Christopher Eccleston’s Creon is daringly undespotic, reasonable even. He has all the arguments and his refusal to bury Polynices because of the message it would send is hugely modern- it reminds us that we have somehow degenerated into a society where the PR implications of a decision have become more important than the moral ones. His final disintegration is breathtaking. We don’t get the stagey destruction of a tragic hero (‘Howl, howl, howl, howl, howl’ and all that) we get something smaller, more honest, a man who isn’t even close to processing what has happened to him. At the end of the play, this Creon knows nothing, except that it’s all his fault.

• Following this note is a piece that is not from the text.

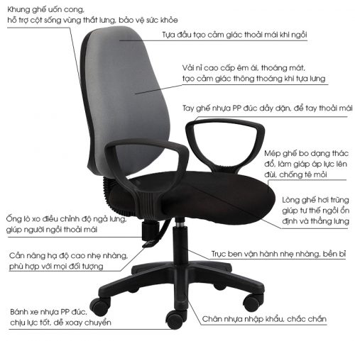 Ghế văn phòng TP-GVP01 có thiết kế rộng rãi giúp nâng đỡ toàn bộ cột sống, tạo tư thế ngồi thoải mái đồng thời giảm áp lực lên đùi, giúp lưu thông máu tốt. Khung ghế được làm bằng nhựa cứng cáp cấu tạo vững chắc, có khả năng chịu được trọng lượng cao và chịu sự tác động của lực rất tốt, đảm bảo độ bền sử dụng lâu dài theo thời gian. Lưng ghế thoáng mát được thiết kế đặc biệt để hỗ trợ cột sống vùng lưng, cổ, bảo vệ sức khỏe.

But it’s invidious to focus on Whittaker and Eccleston, outstanding though they are. This is a supremely good ensemble. I could write a paragraph on the excellence of the Haemon- here a bright, unworldly public schoolboy who is too clever and too young for his own good- or the brilliant Soldier and Messenger, or the show-stopping Tieresias, or the stoically silent and heartrending Eurydice. One of the incidental irritants of being an actor is that when you go to the theatre, there’s usually at least one performance which makes you think ‘Nah. He’s not as good as me. Every line he says is going to annoy me from now on. In fact I’ll probably be trying out my own line readings in my head after everything he says’. None of that here, no distractions at all, in fact. I was in the unusual audience-member position of being entirely immersed in the world of the play from its first moment to its last.
Of the production itself- set. costume, directorial decisions- I don’t want to say too much, because I hate reviews which leave you with no reason to see the actual show. You may, however, be unsurprised to hear that I thought they were all ace.
So now, it’s over to the inky scribblers to pronounce on the success or failure of this production. (I was sat next to one, and in front of another, of our most respected critics and can I just say at this point, gentlemen, that you should A: clap properly and B: stay till the end of the curtain call. It’s only a few hand bangs and about 45 seconds out of your very important lives, and it’s also only common fucking courtesy). The initial signs are that the notices are going to be good. But that doesn’t matter, because tonight something bigger than any review happened. Tonight a man who died 2500 years ago, and a man who died 9 years ago, got together with some actors and a director and a designer and a crew, and told us about a society neither of them ever saw, but which both of them understand.